„Falsche Mädchen gibt es nicht“
Der fabelhafte Die – eine rätselhafte Jahrmarktsfigur, nicht Mann, nicht Frau – sammelt kuriose Geschichten. Er erzählt vom stärksten Mann der Welt, auch bekannt als F-Punkt Meyer- Schmitt. Der kann nicht nur liegend Stahl verbiegen, sondern begeistert sich auch – was niemand wissen darf – für Pariser Mode und blonde Perücken. Und er verfüttert gerne altes Brot, am Teich, wo er auf die leicht reizbare, aber selbstbewusste Ente Klaus trifft. Eigentlich Schwan Klaus. Doch das war einmal, jetzt ist er Ente durch und durch.
Nach anfänglichen Differenzen freunden sich beide an und beschließen ein schrilles Spektakel auf die Beine zu stellen, inklusive Gospelchor.
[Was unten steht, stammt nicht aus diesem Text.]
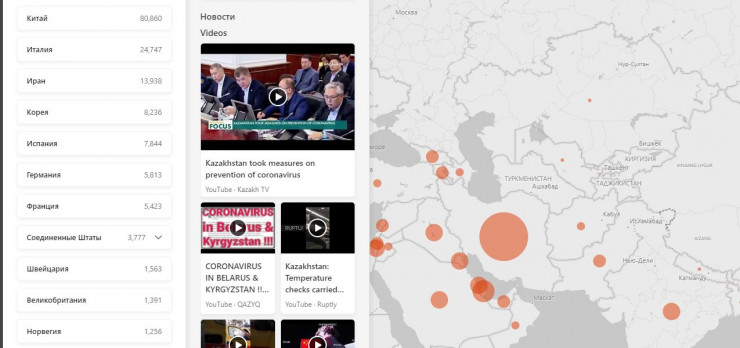 Microsoft разработала интерактивную карту на основе поисковой системы Bing. Кликнув по красному кружку в центре любой страны, можно узнать, сколько на ее территории, согласно официальной статистике ВОЗ, заболевших, излечившихся и умерших от коронавирусной инфекции.
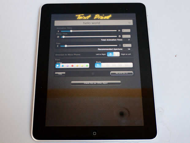 Texto Paint Pro es una fantástica aplicación que te permite escribir mensajes de 2D. De hecho, para texto 2D luz-pintura, esto es todo lo que necesitas. Detenerse por completo. Escriba en su mensaje, elija un color y una fuente, tal vez ajustar un par de los ajustes y la usted son buenos ir.
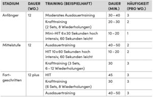 Wichtig ist also, nicht allein auf den ­Gewichtsverlust zu fokussieren, sondern auf den Fitnesszustand des Patienten und die Körperzusammensetzung [10 – 13]. Training und Bewegung sind in unseren Gesellschaften nicht mehr natürlich. In der täglichen ärztlichen Praxis sind viele Patienten mit der Empfehlung „zu trainieren“ schlicht überfordert. Viele wissen, dass sie was tun müssen, haben jedoch keine Vorstellung über Trainingsarten, Intensitäten. Häufigkeiten und Aufbau. Weiterhin ist Training immer ein langfristiges Konzept und bedarf einer Planung (Tab. 2).
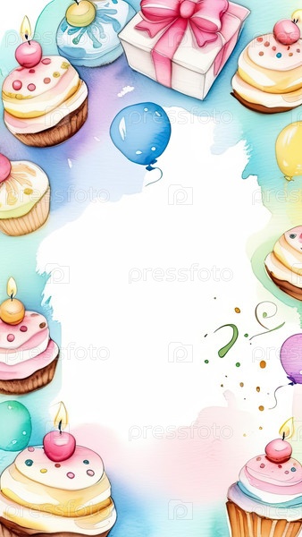 Вертикальный пастельный шарик и граница кексов, праздничная рамка акварели, поздравительная открытка или текстовая область приглашения
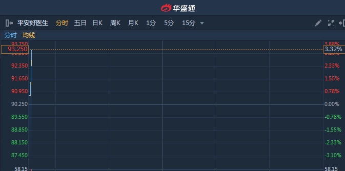 智通财经APP获悉,获央视《新闻联播》点赞,平安好医生(01833)延续涨势,盘中高见93.4港元,再度刷新历史新高,截至9时45分,涨3.32%,报价93.25港元,市值逼近1000亿港元。
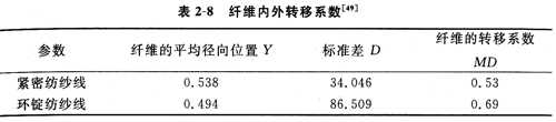付[49]還測量并計(jì)算了緊密紡紗線和環(huán)錠紗中纖維的平均徑向位置和內(nèi)外轉(zhuǎn)移系數(shù)(MD),結(jié)果如表2—8所示??梢钥闯觯o密紡紗線的纖維內(nèi)外轉(zhuǎn)移系數(shù)為53%,而環(huán)錠紗的纖維內(nèi)外轉(zhuǎn)移系數(shù)為69%。
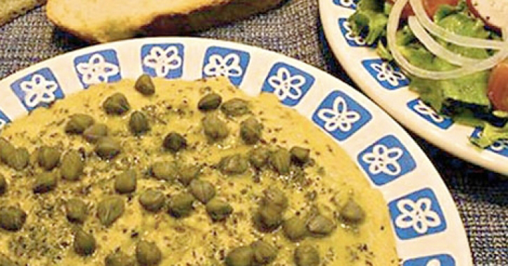 Φάβα Σαντορινιά με σάλτσα κάπαρης
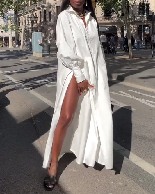 Abito casual con spacco largo e tinta unita e maniche a lanterna

Wäre da nur nicht der Verein fürs Richtigsein. Der verdächtigt den stärksten Mann der Welt schon länger, sich nicht an Tradition und Norm zu halten, und drohte ihm sogar bereits mit dem Karriereende. Das empört wiederum Ayla und Ben, zwei Vorzeigekinder in rosa und blau, die der Geschichte anfangs eher gelangweilt folgen. Nun aber beginnen sie, ihr stereotypes Rollenverhalten zu hinterfragen.
Mit großer Leichtigkeit und in Reimen voller Witz erzählt Sergej Gößner vom Vieles- und Anderssein. Was bin ich? Wer darf ich sein? Und was will ich wirklich vom Leben? Um das herauszufinden, bewegt man sich schnell auf einem schmalen Grat zwischen Individualität und Konformität, zwischen Abgrenzung und Anpassung. Je weiter man sich dabei von den ausgetretenen Pfaden gesellschaftlicher Normen auf Entdeckungsreise begibt, desto stärker stößt man an Grenzen und auf Vorbehalte. Schnell gerät man in Verdacht nicht „normal“ zu sein. Darum braucht es sehr viel Mut, sich trotz aller Widerstände immer wieder auszuprobieren, um so zu einem Leben zu finden, das zu den eigenen Bedürfnissen und Wünschen passt. Verortet in der traumhaften Welt des Zirkus öffnet das Stück einen weiten gestalterischen Raum, den die Regie originell zu nutzen weiß. Und indem die Schauspieler*innen alle Figuren immer wieder im Wechsel spielen, entstehen nicht nur virtuos lustvolle Verwandlungen, sondern es zeigt sich darin auch der Reichtum von Diversität.